First, the metal/metalloid precursors are dissolved (such as in ethanol) and homogeneously wet impregnated onto a support (such as a carbon black support), which simultaneously served as the conductive additive and supporting substrate. (Structurally, the carbon black is composed of amorphous carbon nanospheres.)

Then, pulsed direct current input rapidly ramps up the sample to a high temperature [Yao 2018; Johnson 2011], leading to the decomposition of the metal precursors and elemental liquid metals. See FIG. 1A. Since these metals do not wet carbon, the liquid metals diffuse to reduce their surface energy at high temperature, and subsequently fuse into alloy melts driven by the negative enthalpy of mixing (ΔHmix). [Takeuchi 2001].

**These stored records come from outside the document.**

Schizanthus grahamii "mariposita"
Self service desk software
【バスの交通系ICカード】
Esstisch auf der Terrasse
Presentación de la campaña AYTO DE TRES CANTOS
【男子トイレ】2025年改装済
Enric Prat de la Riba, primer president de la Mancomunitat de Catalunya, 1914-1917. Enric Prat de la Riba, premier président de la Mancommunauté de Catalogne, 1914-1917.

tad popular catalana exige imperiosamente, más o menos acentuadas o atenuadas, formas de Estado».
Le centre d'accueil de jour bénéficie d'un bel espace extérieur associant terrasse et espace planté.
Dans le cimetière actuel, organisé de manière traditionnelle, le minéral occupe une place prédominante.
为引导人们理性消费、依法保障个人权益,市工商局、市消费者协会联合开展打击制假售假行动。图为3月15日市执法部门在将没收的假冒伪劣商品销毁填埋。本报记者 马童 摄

The sample was then rapidly cooled due to the intensive thermal radiation and low heat capacity of carbon substrate (<0.033 J K−1) [Butland 1973] (FIG. 1A), resulting in the vitrification of the alloy melt into glassy nanoparticles (FIG. 1B).

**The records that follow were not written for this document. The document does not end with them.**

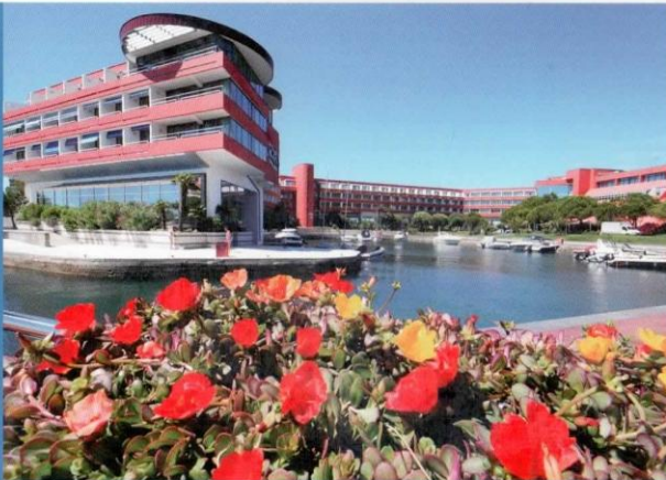
Das 4*-Hotel Histrion lässt keine Wünsche offen.

1.-3. April Frühlingsfahrt nach Portoroz Vier entspannte und zugleich unterhaltende Tage mit zweimal Halbpension im 4*-Hotel um nur € 162,-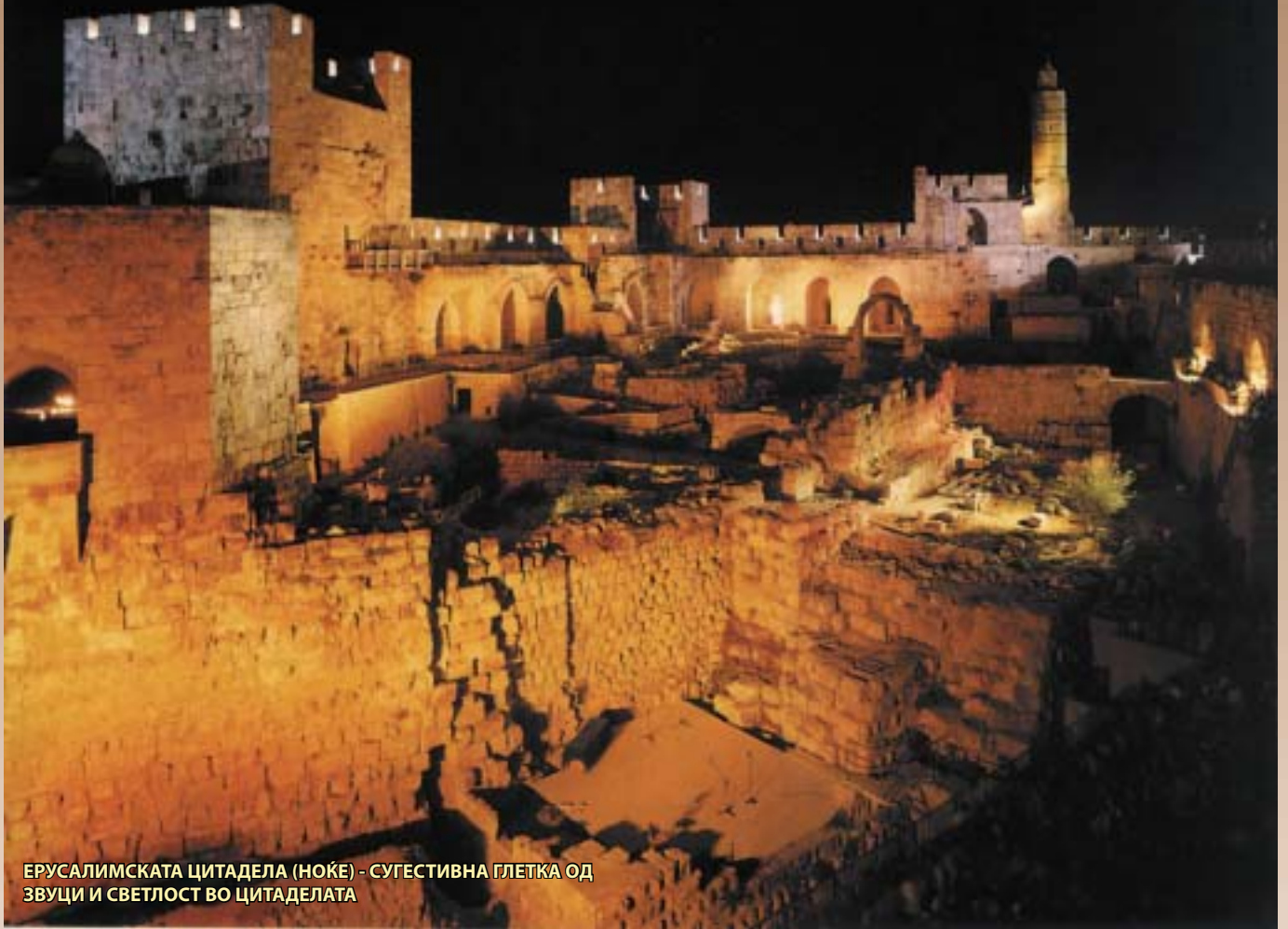
ЕРУСАЛИМСКАТА ЦИТАДЕЛА (НОЌЕ) - СУГЕСТИВНА ГЛЕТКА ОД ЗВУЦИ И СВЕЛОСТ ВО ЦИТАДЕЛАТА

Уште од времето на Ирод Велики, подрачјето околу Цитаделата било посебно утврдено. Градот Ерусалим се протегал кон запад до таа надворешна граница во времето на Иван Хиркан (134-104 г. пр. Хр.), а всушност на овој сид Ирод ги подигнал трите гласовни кули - Фазаел, Хипик и Миријам - и величествениот дворец. Фазаел кулата е наречена според неговиот брат, Хипик кулата според неговиот пријател, а Миријам кулата го добила името по неговата жена.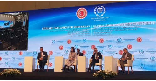
UNHCR Temsilcisi, İstanbul'daki Küresel Parlamenter Konferansı'nda küresel mutabakatlar ve politikalar konulu panele katıldı.

UNHCR, genel merkezindeki Mültecilere İlişkin Küresel Mutabakat ekibiyle birlikte 20-21 Haziran tarihlerinde Parlamentolar Arası Birlik (PAB) ve Türkiye Büyük Millet Meclisi (TBMM) işbirliğinde düzenlenen "Parlamentolar ve Göç ve Mültecilere İlişkin Küresel Mutabakatlar: Daha Güçlü Uluslararası İşbirliği ve Ulusal Uygulama Nasıl Sağlanabilir?" konulu Küresel Parlamenter Konferansı'na katılmıştır. TBMM Başkanı Mustafa Şentop, basın toplantısında sorunun ele alınarak çözüm önerilerinin görüşülmesi için parlamenterlerin bir araya getirilmesi sayesinde küresel göç meselesi hakkında farkındalık uyandırılacağını ve bu küresel sorunla ilgili çözümlerin de küresel ölçekte olması gerektiğini kaydetmiştir. 50 parlamentodan 300 parlamenter ve temsilciyle birlikte 16 meclis başkanı ile başkan vekili ve Türkiye'den üst düzey yetkililer konferansa katılmıştır.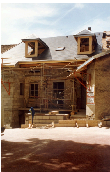
Travaux de surélévation IVR82_20057300920NUCB

Due to the good GFA of ternary palladium-nickel-phosphorous (PdNiP), it was chosen and synthesized as a representative example [Chen 2011]. In a typical trial, a pulsed current of ˜90 A within 50 ms was applied to the precursor mixture in an Ar-filled chamber (FIG. 1C). With strong light emission (FIG. 1C, inset), the sample temperature rapidly reached its maximum at Tmax˜1760 K (FIG. 1D) beyond the decomposition temperature of metal precursors. See TABLE I.

TABLE I

Physical properties of the metal precursors

and corresponding metals/metalloids

aThe thermal homolysis temperature of organics is usually well below 1270K. In the FCR process, the maximum temperature is ~1760K, which is enough for the decomposition of PPh3.

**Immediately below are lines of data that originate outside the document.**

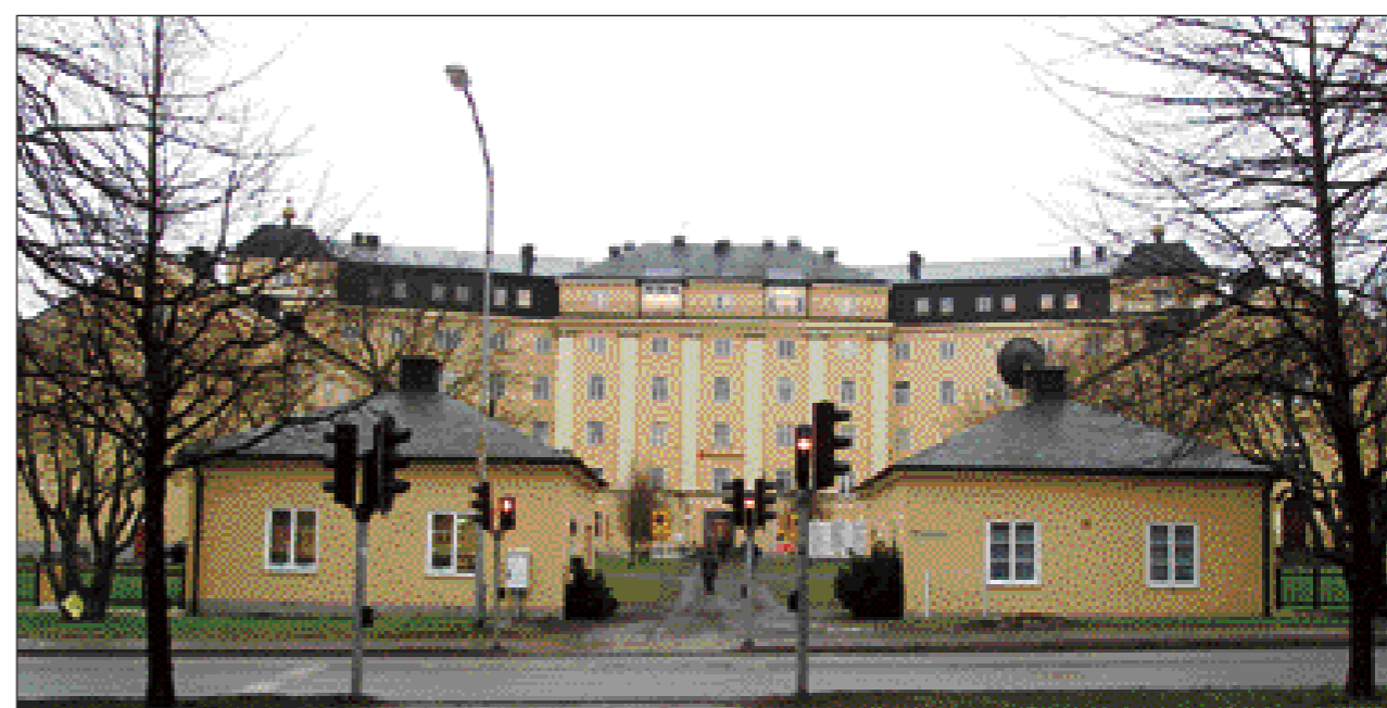
Efter flytten till Vrinnevisjukhuset är Centrallasarettet förvandlat till bostadsområde. I den gamla huvudbyggnaden återfinns bland annat Folkuniversitetet.

Stolta Stad på nätet! Filmer, animationer, läsarminnen, kartor, artiklar, bilder. www.nt.se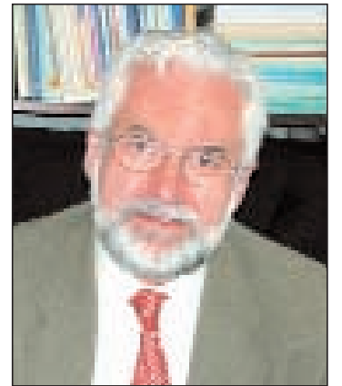
Dirección de Gestión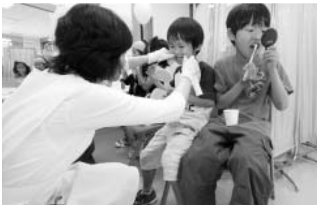
鏡を見ながら1本1本丁寧に歯磨きする子どもたち

痛ましい事故を増やさないために、道路を利用するすべての人が交通ルールとマナーを守り、交通安全に取り組みしましょう。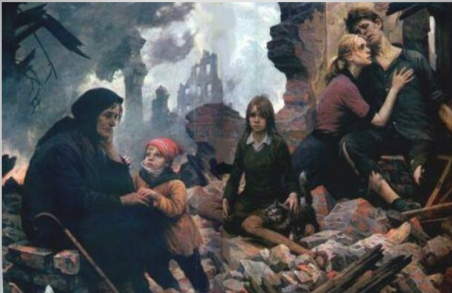
В. Щербаков «Зло мира»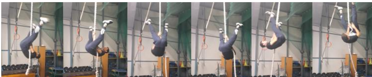
Slika 23. Naopako penjanje

Naopako penjanje na konopcu prvenstveno služi za oslobađanje od straha. Motkaš se penje na način da kada pomiče ruku prema gore istovremeno naoravi zamah nogama do pola ekstenzije. Ova vježba specifična je za skok s motkom jer ovakav položaj i način penjanja simulira poziciju gnijezda i početak ispružanja tijela.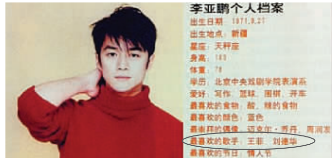
11年前,某杂志刊登的李亚鹏个人档案

近日,《上海壹周》专栏作者“月月熊”发微博说,偶然在一本11年前的杂志上发现李亚鹏的专访,文章内容很普通,但里面的“个人档案”却亮点十足:当年李亚鹏最喜欢的歌手是王菲和刘德华!这条微博引来上万网友围观,李亚鹏成了大家眼里最牛的“励志哥”,他自己却调侃这条旧闻是“英雄怕见老街坊”。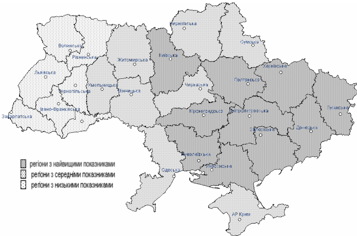
Рис. 1 – Групи регіонів України за рівнем розлучуваності

Віросповідне самовизначення має виразну регіональну специфіку. Так, найбільше число православних є характерним для Півдня (76%), Центру (74%) і Сходу (72%), на Заході їх частка становить лише 46%. Послідовники ісламу становлять 5% жителів Півдня і 0,3% – Сходу. Тих, хто не відносить себе до жодного з існуючих віросповідань, найменше на Заході (4%), найбільше – в Центрі (17%) та на Сході (16%) [1].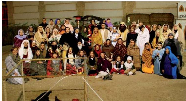
Algunos de los participantes en el Belén viviente de Torrijos.

El Belén mostraba Nazaret y Belén, con los oficios y la actividad de la época, todo ello impregnado en un ambiente de Navidad, La anunciación, la panadería, la zapatería, las castañeras, el mercado, empadronamiento por el emperador Cesar Augusto, la anunciación a los pastores, escena de Herodes, lavanderas, el río, (los visitantes lo cruzaban por un puen-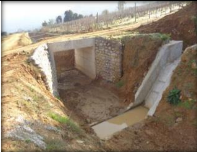
Descarga Tipo 1, Km 15,990.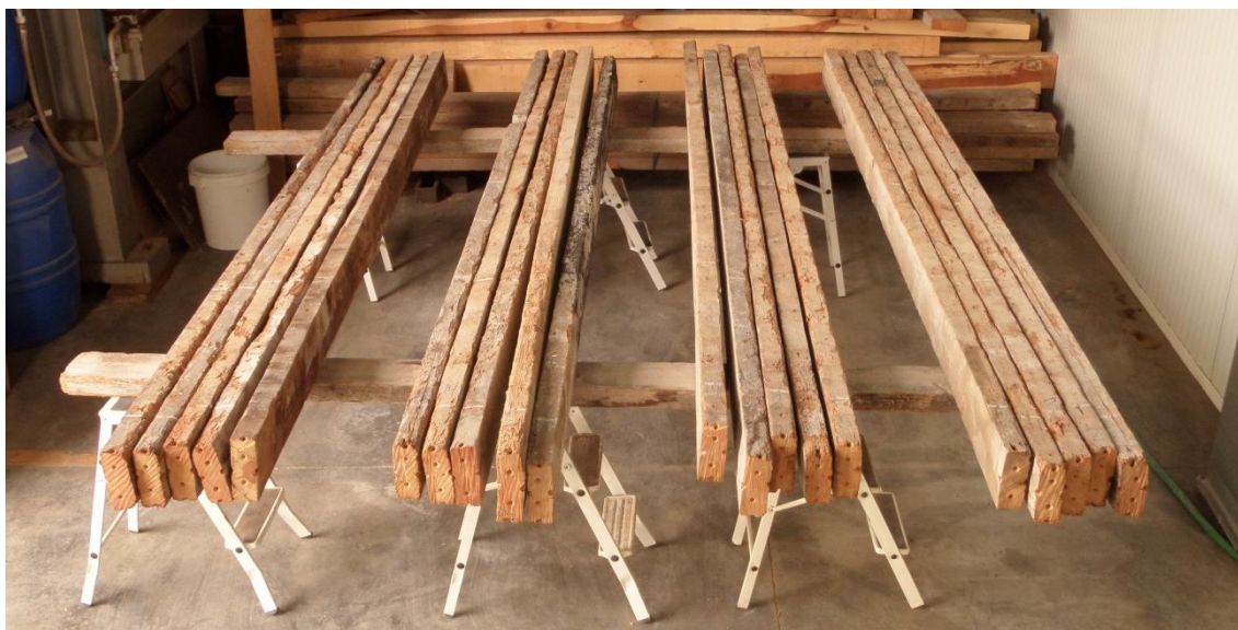
Figura 1. Vigas de uno de los lotes de madera recuperada.

Los lotes tienen las siguiente escuadría y longitud: para la mobila A, vigas de 180x60 mm y una longitud de 4 metros; para la mobila B, vigas de 175x65 mm y una longitud de 3.78 metros; para Pinus sylvestris A, vigas de 150x60 mm y una longitud de 3.8 metros; para el pino silvestre, vigas de 160x60 mm y una longitud de 3,63 metros; y para el abeto, vigas de 200x75 mm y una longitud de 4 metros. Debido a que son vigas recuperadas de demolición, las secciones tienen un margen de error de \pm 5 mm entre ellas, por lo que para los ensayos se han considerado las secciones reales para cada viga.

Based on Tmax and the glass transition temperature (Tg) of PdNiP (˜600 K) [Chen 1973], the cooling rate was calculated to be ˜1.5×104 K s−1, which is higher than the RC of PdNiP bulk MG [He 1996].

Deviating from thermodynamically equilibrium crystal phases, metallic glass is typically trapped by a kinetic barrier. According to the temperature-time transformation diagram, as schematically shown in FIG. 1E, the cooling rate determines the formation of glassy or crystal phases. In the scenario of FCR, the rapid cooling enables the glassy phase formation. As a control, the synthesis using a tube furnace with a slow cooling rate (˜10 K min−1) led to the formation of crystalline PdNiP nanoparticles.

The amorphous structure of the as-obtained PdNiP NP was confirmed by X-ray diffraction (XRD) and transmission electron microscopy (TEM). The XRD pattern did not show any peaks from crystalline components, except for the broad diffraction peaks from the amorphous carbon support (FIG. 2A). The synthesized nanoparticles (NPs) were supported on the carbon black (FIG. 2B). The selected-area electron diffraction (SAED) showed diffusive diffraction halos without discrete spot (FIG. 2B, inset).

The amorphous structure was further confirmed by high-resolution TEM (HRTEM) and the corresponding fast Fourier transformation (FFT) pattern (FIG. 2C). HRTEM images with tilt range from 0° to 5° were acquired, and all are characterized of an amorphous structure.

To exclude the effect of the carbon support, nanobeam diffraction was performed on a single NP that showed similar diffuse halos (FIG. 2D, inset). The normalized intensity of the nanobeam diffraction pattern showed the main peak positions at 4.12 nm−1 and 6.96 nm−1, which corresponds to k2/k1˜1.69 (FIG. 2D), in agreement with previous experimental results on PdNiP bulk MG [Lan 2017].

The particle size was calculated based on the data from the TEM images, showing an average size of ˜10.6 nm and a narrow size distribution (FIG. 2E). The average composition was determined to be Pd43Ni26P31 by energy-dispersive X-ray spectroscopy (EDS) (FIG. 2F).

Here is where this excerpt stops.